At Wednesday night’s city council meeting, I gave a speech explaining the importance of postponing the appointment to the soon-to-be vacant council seat of Councilor Rocha until after the election, and then I made a motion to do so. No one seconded it, and there was no council discussion on the topic. Then 4 citizens proceeded to testify that they thought we should postpone the appointment and/or appoint someone who is well qualified and nonpartisan; and 2 said it was fine to just appoint now. There has been a growing discontent among citizens about the council’s decision to rush the appointment process and ignore the voters, who are in the process of deciding who they want on council via the ballot.

In addition to the 8 letters to the editor requesting we postpone the appointment (which is a recent letter to the editor record) and many letters/testimonies given at the past two council meetings, many citizens that I’ve seen around town have whispered to me that they think I did the right thing by disagreeing with the majority a few weeks ago when they decided to appoint before the election.
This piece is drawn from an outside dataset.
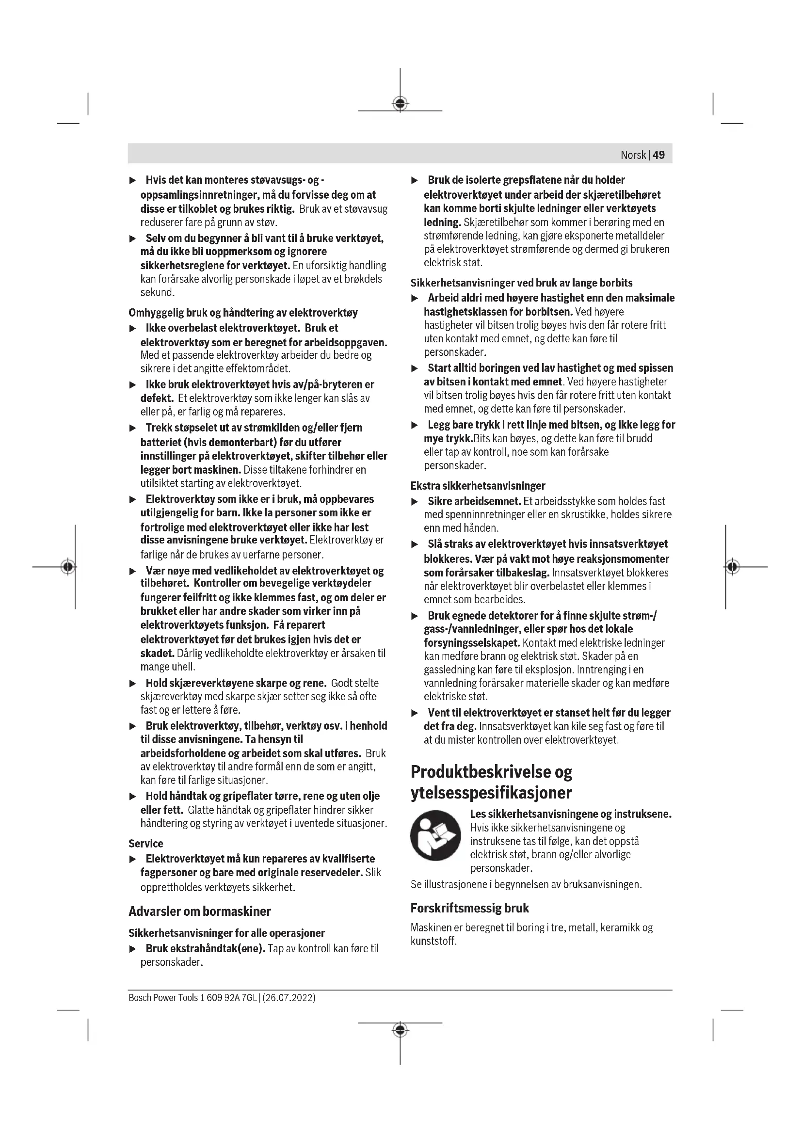 Illustrert eller beskrevet tilbehør inngår ikke i standard- leveransen. Det komplette tilbehøret finner du i vårt tilbehørsprogram. Tekniske data Bormaskin GBM 1600 RE Artikkelnummer 3601AB00.. Opptatt effekt W 850 Tomgangsturtall o/min 630 Dreiemoment Nm 11 Spindelhalsdiameter mm 43 Maks. bor-Ø – Stål mm 16 – Tre mm 40 – Aluminium mm 16 Chuckspennområde mm 3–16 Høyre-/venstregang ● Maksimal rørekurvdiameter mm 160 Vekt i samsvar med EPTA-Procedure 01:2014 kg 3,0 Kapslingsgrad / II Angivelsene gjelder for merkespenning [U] på 230 V. Ved avvikende spenning og på utførelser for bestemte land kan disse angivelsene variere. Støy-/vibrasjonsinformasjon Støyemisjon målt i henhold til EN62841-2-1. Vanlig A-støynivå for elektroverktøyet: lydtrykknivå 85dB(A); lydeffektnivå 96dB(A). Usikkerhet K = 5dB. Bruk hørselvern! Vibrasjon totalt a

So last night the mayor proceeded with the interview process of the 5 candidates. City council is a nonpartisan position. There were a lot of qualified candidates who have a lot of outreach skills and community ideas. The majority voted to appoint Tyler Smith, the Vice President of the Republican Party of Oregon, who is quoted on a YouTube video at a Clackamas Freedom & Prosperity meeting last year as saying: “Help us get the Democrats out of office.”

This is a nonpartisan position. Our job is to do what’s best for the all of the citizens of Canby. It concerns and disappoints me that this applicant has a clear and known agenda but was appointed in the middle of a contested election nonetheless. He will be sworn in on November 2, just 6 days before the final election results come in. At the conclusion of my speech I asked my fellow councilors: “Why do you think it’s in the best interest of the city to appoint tonight rather than delaying it for 2 weeks?” The mayor told me that there could be no discussion on the topic until after I made a motion, so I did, but because there was no second, there was no discussion and no vote.

It is clear to me that this council has become too narrow and insular in its thinking if it so casually ignores the frustration of a large number of the public without even giving an explanation of its decision. There has been a lot of talk about the appearance of cronyism on city council. Last night was the perfect opportunity to address this publicly and exercise common sense, but instead the appearance of cronyism was reinforced. It was a sad sight to see.